By Bezout's identity we know that we can find $ x, y$ such that $ 11x + 13y = 1 $. Using the Euclidean algorithm, we have:

$$ 13 = 11\cdot 1 + 2 $$ $$ 11 = 2 \cdot 5 + 1 $$ $$ 2 = 2 \cdot 1 + 0 $$

and now we substitute back:

$$ 1 = 11 - 2 \cdot 5 = 11 - (13 - 11) \cdot 5 = 11 \cdot 6 - 13 \cdot 5 $$

This helps us because now we can explicitly produce the solution.
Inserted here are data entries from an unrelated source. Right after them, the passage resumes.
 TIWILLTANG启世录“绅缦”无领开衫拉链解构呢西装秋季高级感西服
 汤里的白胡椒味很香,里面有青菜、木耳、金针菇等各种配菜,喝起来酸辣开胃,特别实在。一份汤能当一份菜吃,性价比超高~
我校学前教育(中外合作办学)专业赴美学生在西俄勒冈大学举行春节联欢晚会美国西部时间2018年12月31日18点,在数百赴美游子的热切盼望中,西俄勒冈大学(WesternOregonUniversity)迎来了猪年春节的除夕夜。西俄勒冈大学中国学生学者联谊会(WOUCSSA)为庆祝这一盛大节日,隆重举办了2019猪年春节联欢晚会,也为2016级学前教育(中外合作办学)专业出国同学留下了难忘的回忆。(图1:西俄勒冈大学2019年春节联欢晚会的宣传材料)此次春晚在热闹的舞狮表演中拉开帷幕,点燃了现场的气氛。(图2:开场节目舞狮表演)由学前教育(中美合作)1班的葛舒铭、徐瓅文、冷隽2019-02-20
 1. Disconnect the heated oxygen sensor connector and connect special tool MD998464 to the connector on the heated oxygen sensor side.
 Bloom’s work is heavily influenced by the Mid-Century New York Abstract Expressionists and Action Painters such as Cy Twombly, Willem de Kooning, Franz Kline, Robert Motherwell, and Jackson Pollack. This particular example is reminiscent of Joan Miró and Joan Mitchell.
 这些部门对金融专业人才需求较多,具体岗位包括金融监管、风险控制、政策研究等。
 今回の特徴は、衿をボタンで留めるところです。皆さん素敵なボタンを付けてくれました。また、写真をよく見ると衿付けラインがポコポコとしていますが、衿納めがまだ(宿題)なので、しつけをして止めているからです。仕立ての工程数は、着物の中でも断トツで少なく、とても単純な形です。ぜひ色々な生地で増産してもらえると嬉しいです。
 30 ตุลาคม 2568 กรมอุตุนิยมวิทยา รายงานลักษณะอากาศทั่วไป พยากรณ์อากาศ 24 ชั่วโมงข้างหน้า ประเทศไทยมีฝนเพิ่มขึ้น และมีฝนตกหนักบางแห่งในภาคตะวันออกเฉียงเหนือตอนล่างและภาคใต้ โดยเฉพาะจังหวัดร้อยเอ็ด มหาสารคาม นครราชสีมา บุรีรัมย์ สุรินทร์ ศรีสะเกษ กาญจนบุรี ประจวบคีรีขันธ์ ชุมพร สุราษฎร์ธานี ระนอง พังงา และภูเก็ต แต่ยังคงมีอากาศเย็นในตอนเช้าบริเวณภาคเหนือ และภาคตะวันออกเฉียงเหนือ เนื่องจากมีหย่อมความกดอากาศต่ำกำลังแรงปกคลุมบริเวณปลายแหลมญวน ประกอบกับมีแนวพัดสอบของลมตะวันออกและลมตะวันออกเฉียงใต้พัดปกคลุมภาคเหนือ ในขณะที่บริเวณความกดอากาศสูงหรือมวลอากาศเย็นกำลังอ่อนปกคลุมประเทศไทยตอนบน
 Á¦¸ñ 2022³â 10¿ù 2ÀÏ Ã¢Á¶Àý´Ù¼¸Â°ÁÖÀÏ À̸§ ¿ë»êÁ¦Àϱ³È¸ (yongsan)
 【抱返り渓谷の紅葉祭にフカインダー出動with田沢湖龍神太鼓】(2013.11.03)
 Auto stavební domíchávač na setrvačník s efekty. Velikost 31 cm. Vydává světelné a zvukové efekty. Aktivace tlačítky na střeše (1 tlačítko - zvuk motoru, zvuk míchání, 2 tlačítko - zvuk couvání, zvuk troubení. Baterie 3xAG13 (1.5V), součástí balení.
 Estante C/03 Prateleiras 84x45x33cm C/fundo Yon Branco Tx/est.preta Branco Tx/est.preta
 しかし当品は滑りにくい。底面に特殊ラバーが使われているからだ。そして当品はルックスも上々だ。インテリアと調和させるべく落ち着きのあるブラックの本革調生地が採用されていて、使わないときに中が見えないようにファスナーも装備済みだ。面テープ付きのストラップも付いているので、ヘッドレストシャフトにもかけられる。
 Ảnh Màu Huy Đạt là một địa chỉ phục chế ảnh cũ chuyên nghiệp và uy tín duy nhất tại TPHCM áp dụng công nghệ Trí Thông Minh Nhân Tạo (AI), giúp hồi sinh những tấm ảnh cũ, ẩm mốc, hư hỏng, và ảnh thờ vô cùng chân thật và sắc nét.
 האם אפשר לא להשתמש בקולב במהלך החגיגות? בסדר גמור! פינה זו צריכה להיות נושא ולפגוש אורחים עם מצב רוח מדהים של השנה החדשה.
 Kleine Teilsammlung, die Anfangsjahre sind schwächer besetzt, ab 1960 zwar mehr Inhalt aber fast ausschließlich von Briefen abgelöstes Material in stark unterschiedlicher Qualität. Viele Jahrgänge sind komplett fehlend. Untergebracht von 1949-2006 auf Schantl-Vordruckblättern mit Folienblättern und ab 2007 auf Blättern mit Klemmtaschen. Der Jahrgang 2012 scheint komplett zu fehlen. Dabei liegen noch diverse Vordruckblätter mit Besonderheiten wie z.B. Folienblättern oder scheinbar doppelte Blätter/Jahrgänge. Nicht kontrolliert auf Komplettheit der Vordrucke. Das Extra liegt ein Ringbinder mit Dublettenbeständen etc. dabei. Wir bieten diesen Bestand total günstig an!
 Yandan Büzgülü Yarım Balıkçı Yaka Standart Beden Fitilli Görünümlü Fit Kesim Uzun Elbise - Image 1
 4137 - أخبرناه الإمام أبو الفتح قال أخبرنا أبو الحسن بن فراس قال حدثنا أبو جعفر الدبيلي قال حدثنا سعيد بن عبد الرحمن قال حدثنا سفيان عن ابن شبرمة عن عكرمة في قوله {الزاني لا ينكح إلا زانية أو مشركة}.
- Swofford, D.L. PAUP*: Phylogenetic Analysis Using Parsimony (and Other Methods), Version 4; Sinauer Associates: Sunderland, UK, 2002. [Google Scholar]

Indeed, I claim that the solution is $ 11 \cdot 6 \cdot 11 - 13 \cdot 5 \cdot 10 = 76 $. We have that

$$ 11 \cdot 6 \cdot 11 - 13 \cdot 5 \cdot 10 \equiv 11 \cdot 6 \cdot 10 - 13 \cdot 5 \cdot 10 \equiv 10 \pmod{11} $$

and

$$ 11 \cdot 6 \cdot 11 - 13 \cdot 5 \cdot 10 \equiv 11 \cdot 6 \cdot 10 - 13 \cdot 5 \cdot 11 \equiv 11 \pmod{13} $$

Generally, if $ I $ and $ J $ are comaximal ideals of a ring $ R $, we can find $ i \in I $ and $ j \in J $ such that $ i + j = 1_R $. Then, the expression $ bi + aj $ lies in the cosets $ a + I $ and $ b + J $. In the case that $ R $ is an Euclidean domain, the Euclidean algorithm gives an easy way of computing $ i $ and $ j $ explicitly.

Answer 3

Solving the CRT by substitution directly, we have: $$\begin{align} x &=11k+10 \\ 11k+10 &\equiv 11 \bmod 13 \\ 11k &\equiv 1 \bmod 13 \\ k &\equiv 11^{-1} \bmod 13 \\ \end{align}$$

Then it's easy to find $11^{-1} = 6 \pmod {13}$ (since $66\equiv 1 \bmod 13$), and thus $k=6$ and $x=76 \;\square$.

And yes, that's the residue class that satisfies your initial problem statement.